Execution result Steel, normal, maximum score for training data: score = 0.942 Steel, normal, maximizes score for test data: score = 0.962

The accuracy of the model that distinguishes between the steel type and the normal type seems to be the highest. Now, let's actually see what kind of judgment is made.

# %%
def poke_predict(type1, type2):
    type1_1 = df[df['Type 1'] == type1]
    type2_1 = df[df['Type 2'] == type1]
    type_1 = pd.concat([type1_1, type2_1])
    print("%s type pokemon: %d animals" % (type1, len(type_1)))

    type1_2 = df[df['Type 1'] == type2]
    type2_2 = df[df['Type 2'] == type2]
    type_2 = pd.concat([type1_2, type2_2])
    print("%s type pokemon: %d animals" % (type2, len(type_2)))

    def type_to_num(p_type):
        if p_type == type1:
            return 0
        else:
            return 1

    poke_concat = pd.concat([type_1, type_2], ignore_index=True)
    type1_c = poke_concat["Type 1"].apply(type_to_num)
    type2_c = poke_concat["Type 2"].apply(type_to_num)
    poke_concat["type_num"] = type1_c*type2_c
    poke_concat.head()

    X = poke_concat.iloc[:, 7:13].values
    y = poke_concat["type_num"].values

    X_train, X_test, y_train, y_test = train_test_split(
        X, y, test_size=0.3, random_state=0)
    lr = LogisticRegression(C=1.0)
    lr.fit(X_train, y_train)

    i = 0
    error1 = 0
    success1 = 0
    error2 = 0
    success2 = 0
    print("")
    print("[%List of Pokemon judged to be s type]" % type1)
    print("----------------------------------------")
    print("")
    while i < len(poke_concat):
        y_pred = lr.predict(X[i].reshape(1, -1))
        if y_pred == 0:
            print(poke_concat.loc[i, ["Pokemon name"]])
            if poke_concat.loc[i, ["type_num"]].values == 0:
                success1 += 1
                print("%s type" % type1)
                print("")
            else:
                error1 += 1
                print("%Not s type" % type1)
                print("")
        else:
            if poke_concat.loc[i, ["type_num"]].values == 0:
                error2 += 1
            else:
                success2 += 1
        i += 1
    print("----------------------------------------")
    print("Correctly%Number of Pokemon judged to be s type: %d animals" % (type1, success1))
    print("Correctly%Number of Pokemon judged to be s type: %d animals" % (type2, success2))
    print("Accidentally%Number of Pokemon judged to be s type: %d animals" % (type1, error1))
    print("Accidentally%Number of Pokemon judged to be s type: %d animals" % (type2, error2))
    print("")


# %%
poke_predict("Steel", "normal")

Execution result Steel-type Pokemon: 58 Normal type Pokemon: 116
Number of Pokemon that were correctly judged to be a steel type: 50 Number of Pokemon correctly judged to be normal type: 115 Number of Pokemon that were mistakenly identified as a steel type: 1 Number of Pokemon that were mistakenly identified as normal type: 8

Although there is a difference in the number of samples, the accuracy of 94.8% can be said to be quite good.
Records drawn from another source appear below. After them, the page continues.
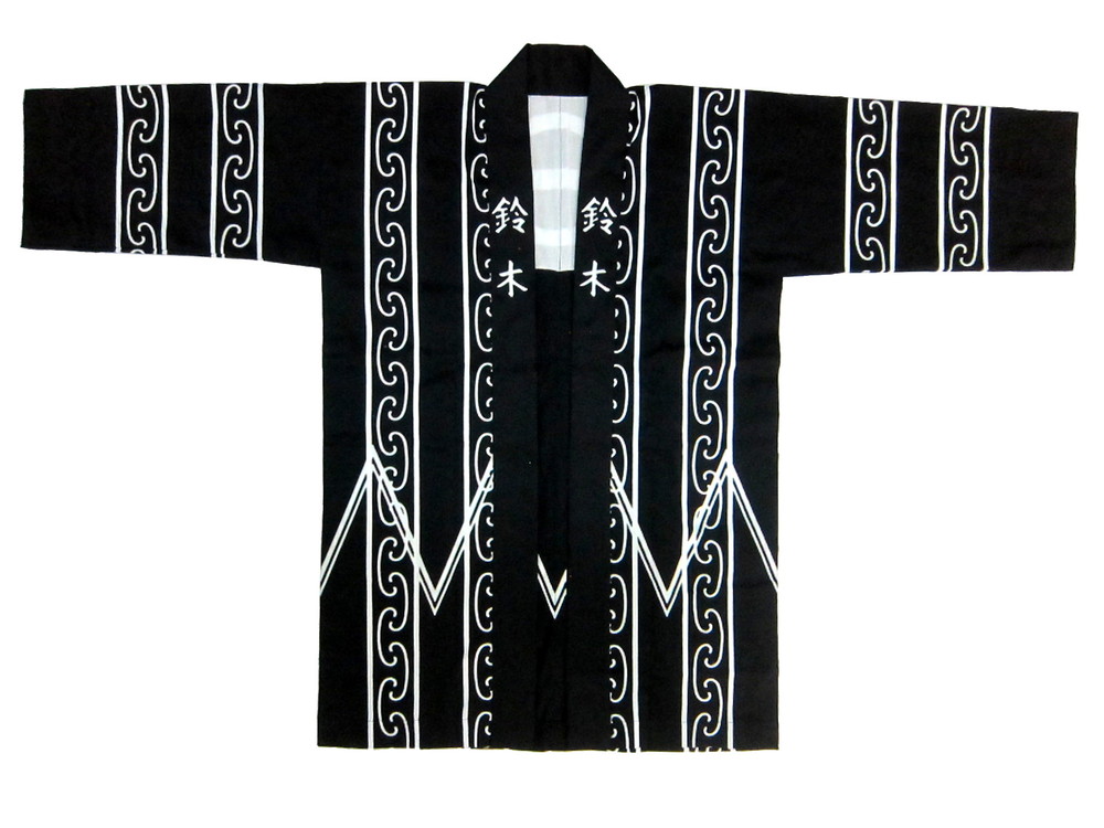 昔ながらの背縫い付きの本染めにて作成した法被をデザイン、仕様そのままに復元いたしました。生地は一般的なものよりやや厚めの20カツラギというちょっとこだわりの素材ですが、程よい柔らかさもあり意外とお勧めなのです。
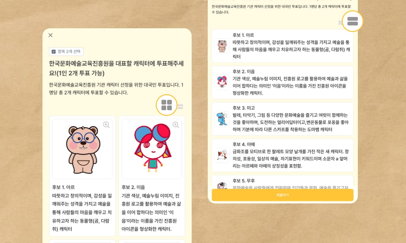 이번 캐릭터 공모전에는 무려 283개의 개성 넘치는 캐릭터 작품이 접수됐어요. 그중 1차 심사를 통과한 40개의 후보 캐릭터를 대상으로 최종 선정을 위한 대국민 투표가 열렸어요. 투표는 7월 23일부터 29일까지 치즈버튼 플랫폼에서 진행됐고 국민 누구나 참여할 수 있었어요.
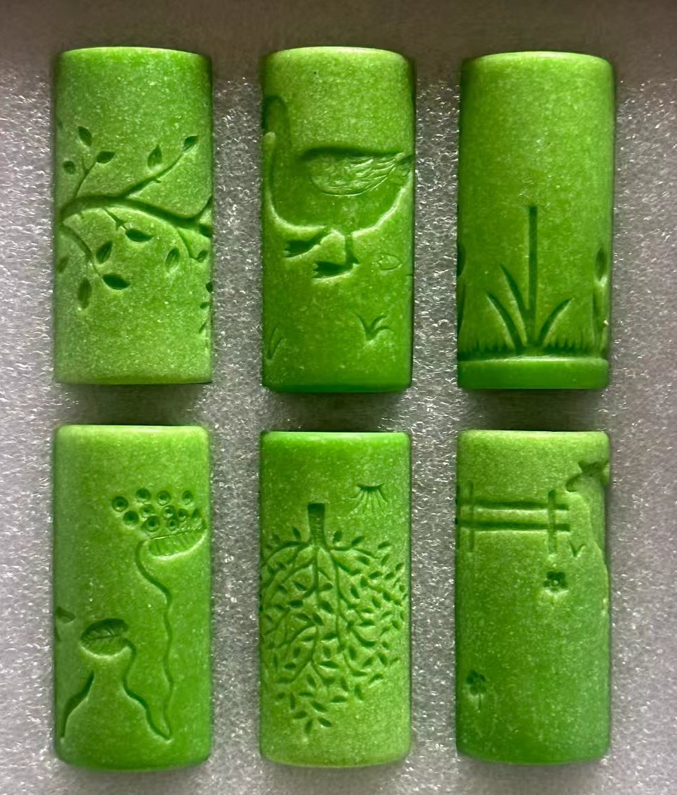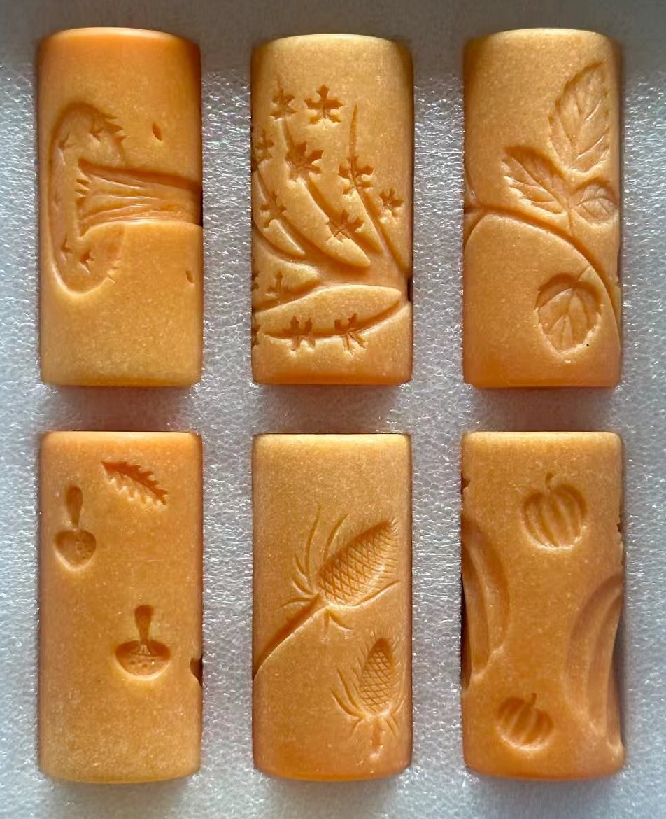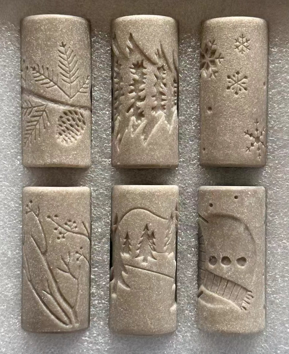 Cada set incluye 6 cilindros de mármol con texturas y estampados únicos, diseñados para acompañar el juego sensorial y creativo con plastilina.
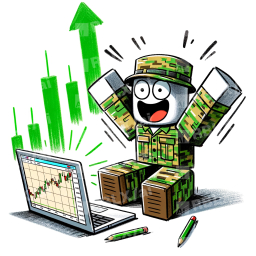 “A soldier sitting in front of a laptop, celebrating a huge green crypto-chart candle which is visible on the laptop”
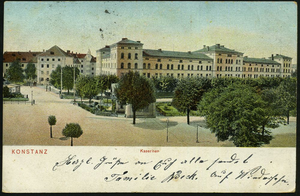 5425 | 16 € | POSTLEITRAUM 7700 (OHNE SINGEN) : Konstanz 1906 (20.4.) Color-Foto-Ak.: Kasernen = Inf. Rgt. "Kaiser Friedrich III." Nr. 114 , Frankatur Schweiz 5 C. Ziffer, Aufgabe: KREUZLINGEN, Bedarfs-Kt. n. Zürich (Mi.84) | ![]() ![]() | |
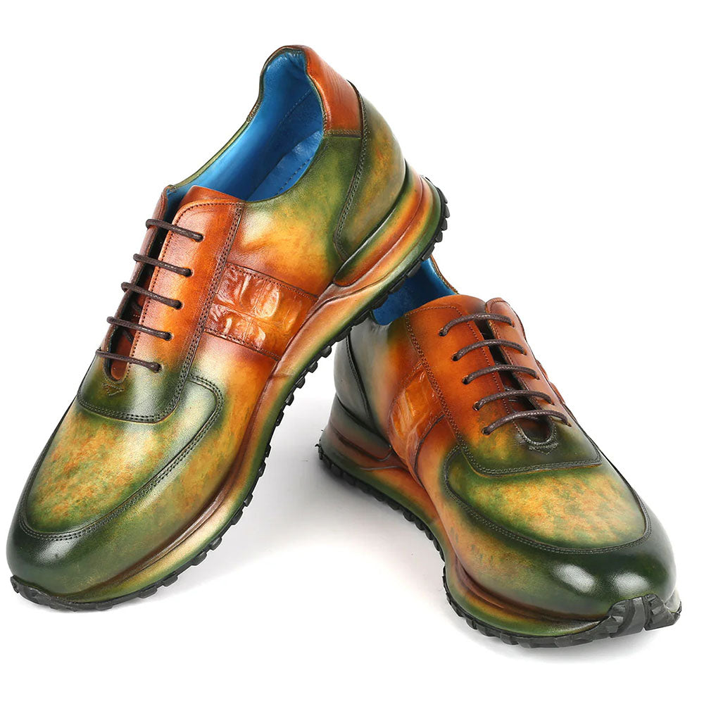 You are looking at: Paul Parkman Croco Textured Sneakers Green / Brown Patina

From this result, it can be said that the characteristics of the race value are different between the normal type and the steel type.

At the end

I'm a beginner less than a week after I started learning machine learning, but I think I was able to think deeply. If you have any wrong thoughts in this article, I would appreciate it if you could point them out.